Pourquoi une agence…

Pourquoi une agence…

… à l’heure de l’«ubérisation» des services ?

Depuis l’émergence du Web 2.0 durant la seconde moitié des années 2000, apportant l’interaction entre sites et utilisateurs sur toutes sortes de supports (ordinateurs, smartphones, tablettes… et même montres), et plus récemment avec l’accélération et l’omniprésence des réseaux, un nouveau type d’acteur est apparu sur le marché des services, dont le géant américain Uber est devenu l’emblème au point de déclencher l’apparition du néologisme « uberisation ».

Mais que signifie « ubérisation » au juste ?

Si ce nouveau mot a été inventé, et est utilisé tous les jours, c’est bien qu’il était nécessaire pour décrire un phénomène nouveau… ou au contraire  pas tant que ça ? Le terme « apporteur d’affaires », bien plus ancien et quasiment désuet aujourd’hui renvoie à une réalité assez similaire sur le fond : on retrouve un même système à trois pôles — un client qui a besoin d’une prestation de service, un ou plusieurs prestataires en capacité de délivrer ce service et, entre les deux, un « facilitateur » qui les met en relation et rend possible leur transaction.

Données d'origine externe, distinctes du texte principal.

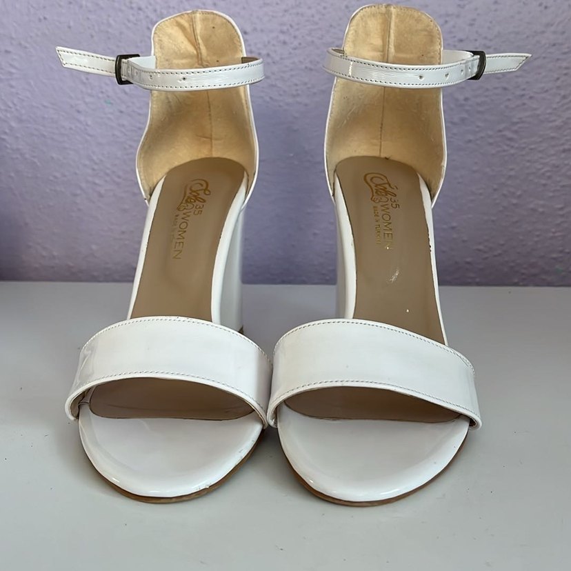 Parlak beyaz dolgu topuklu kadın abiye ayakkabı. Bilek bantlı, desen içermeyen ve rahat kauçuk malzemeden üretilmiştir. Düğünler için şık ve zarif.
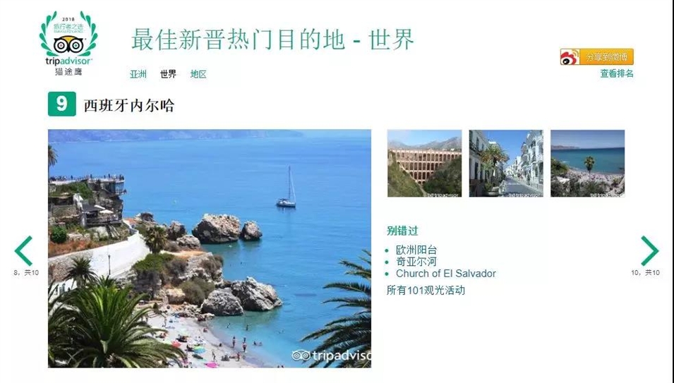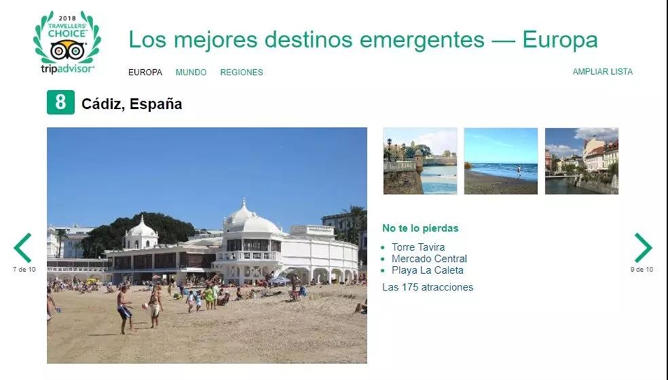 西班牙的兩座城市也分別進入了歐洲最佳熱門目的地和世界最熱門旅游目的地榜單:內(nèi)爾哈,位列歐洲第四,世界第九;加的斯,位列歐洲第八。
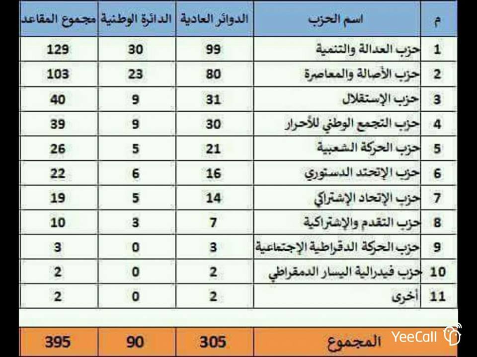 بعد اعلان النتائج المؤقة للانتخابات التشريعية، تتوقع مصادر ان تحصل الاحزاب على على مقاعد في لائحة الوطنية للشباب والنساء
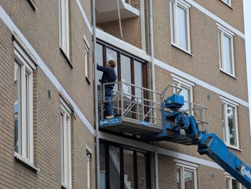 In december 2025 werd groot onderhoud gepleegd aan het complex. Alle ramen en kozijnen werden vervangen door kunststof versies en energiezuinig glas. Foto's: Allard Bijlsma.
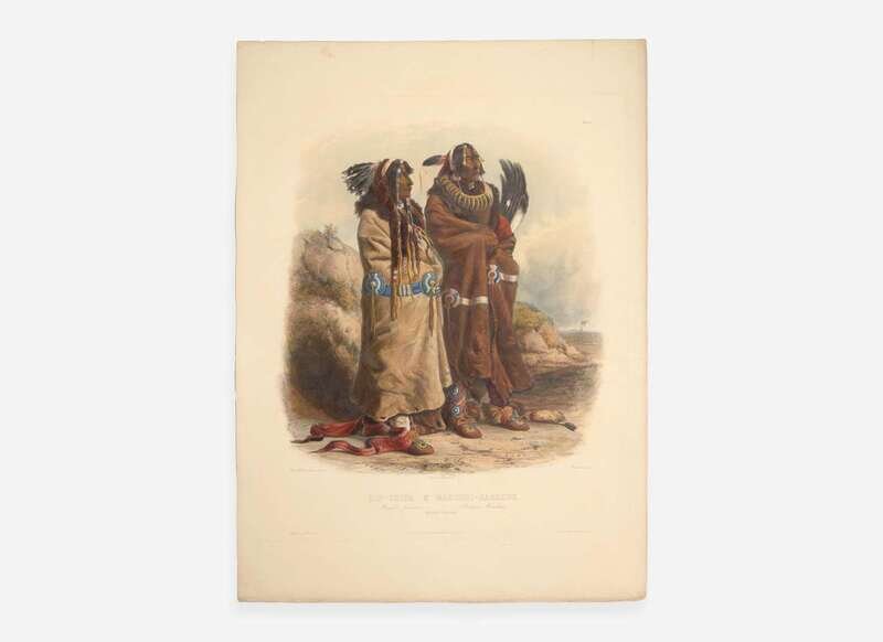 Coblenz: J. Holscher/London: Published by Ackermann & Co./Paris: Arthus Bertrand, (1839-42). Tab. 20. Hand-colored aquatint engraving by Hurlimann after Bodmer; “C. Bodmer” blindstamp below imprint. Small stain in top left edge; light wear and darkening along left and bottom edges. 24 3/4 x 18 1/4 in. (628 x 463 mm). Graff 4648; Howes M-443a; Pilling 2521; Sabin 47014; Wagner-Camp 76:1
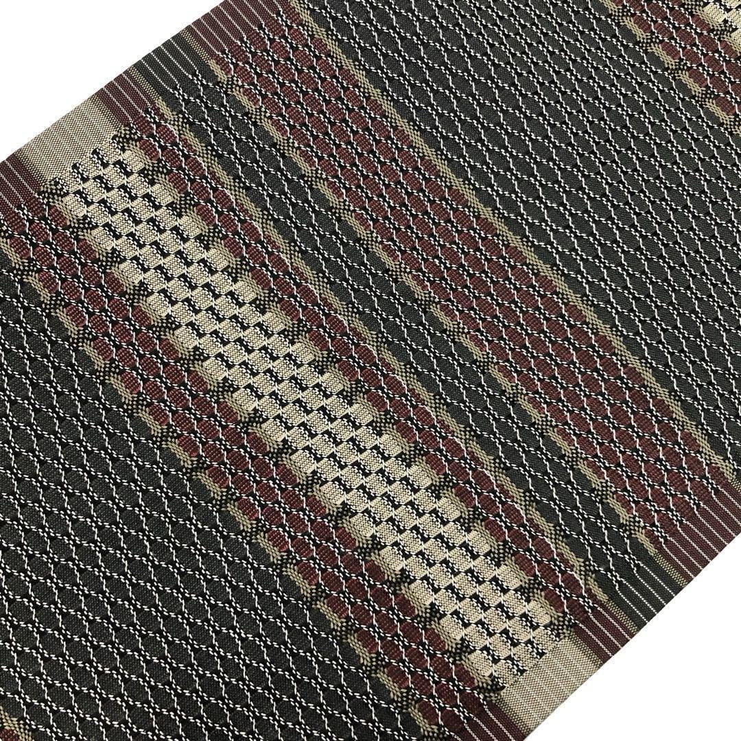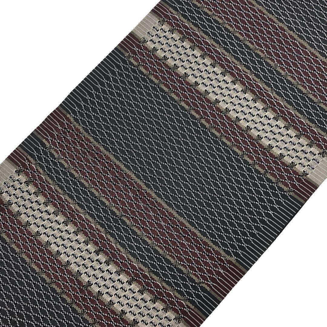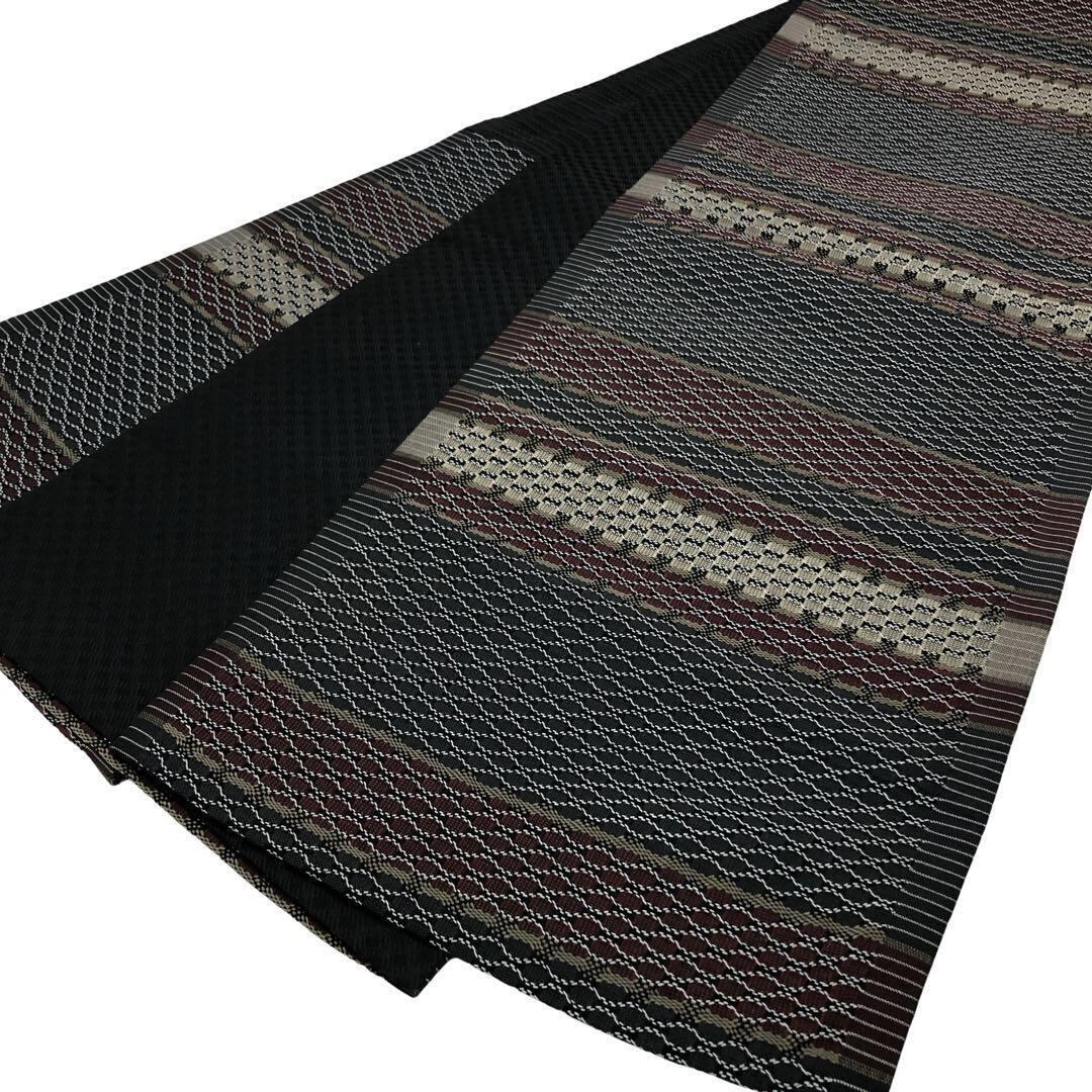 具墨色ベースの落ち着きのある色彩、横縞柄に横段織模様がデザインされた素敵な柄裄のお品でございます。
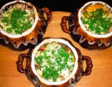 - Переважно готувати страву порційно, тобто в невеликих ємкостях. Їх ідеальний об’єм — приблизно 500 грамів. Якщо використовувати великий горщик, в результаті може вийти «суп», так і подача не вийде такою ефектною і оригінальною.

Chacun des trois a sa raison d’être et sa logique, déployant ses efforts pour réussir au mieux une action utile au bien commun, et donc méritant une juste rémunération : le client obtient le meilleur service possible, favorisant au mieux son activité et ses projets, l’apporteur d’affaires doit être rétribué pour le temps et les efforts consacrés à la mise en relation, et le prestataire doit pouvoir déployer la meilleure qualité de service possible dans des conditions de rentabilité pérennes.

Une économie de l’attention

Or, qu’est-ce qui a changé avec l’uberisation ? Tout simplement la puissance de l’apporteur d’affaires, qui se retrouve en position dominante pour des raisons, elles aussi, très anciennes dans leur nature : techniques et économiques. L’enjeu actuel du marketing et de la publicité est ce qu’on appelle une « économie de l’attention ». Toute personne ou entité doit, pour réussir, être vue en premier et bénéficier d’une cote émotionnelle positive (ou goodwill) maximale.

Organiser, c’est contrôler…

En réussissant une telle démarche, les entreprises de type Uber se trouvent instantanément enrichies d’une énorme base de clients potentiels qui devient quasiment un « actif » commercialisable sur le marché. Plus encore, ces entreprises intègrent de plus en plus des composantes autrefois l’apanage du client ou du prestataire de services : l’intelligence artificielle localise le client, anticipe ses besoins, l’assiste dans la démarche de mise en relation et jusqu’au paiement. Inversement, elle le sollicite pour évaluer la prestation, émettre des commentaires et informer les autres utilisateurs.

Côté prestataire, des formations sont organisées pour augmenter son « adéquation » aux attentes des clients, une interface est mise en place pour répondre aux demandes et, pour la partie financière également, l’intégration est de mise.

Une approche apparemment optimale…

On peut penser que le client a tout à gagner à cette évolution : clarté et compétitivité des tarifs, transparence des prestations et optimisation de la qualité grâce à des procédures d’évaluation systématiques… A priori, comme on disait dans les années soixante, « c’est l’avenir » ! Vraiment ?

Quand on songe à Uber, par exemple, l’image sous-jacente est l’ancien chauffeur de taxi bougon, ayant payé sa licence le prix d’un appartement confortable et facturant, pour payer son crédit, le prix d’un repas au restaurant pour la moindre course. Ouf ! Merci à notre chère évolution numérique de nous en avoir délivrés !

En outre, quelle commodité que notre téléphone portable soit ainsi devenu la télécommande de notre vie — avec en plus la possibilité de donner son avis, de valoriser tout effort et sanctionner tout manquement, pour le plus grand bien de ce que l’intermédiaire tout puissant appelle sa « communauté d’utilisateurs ».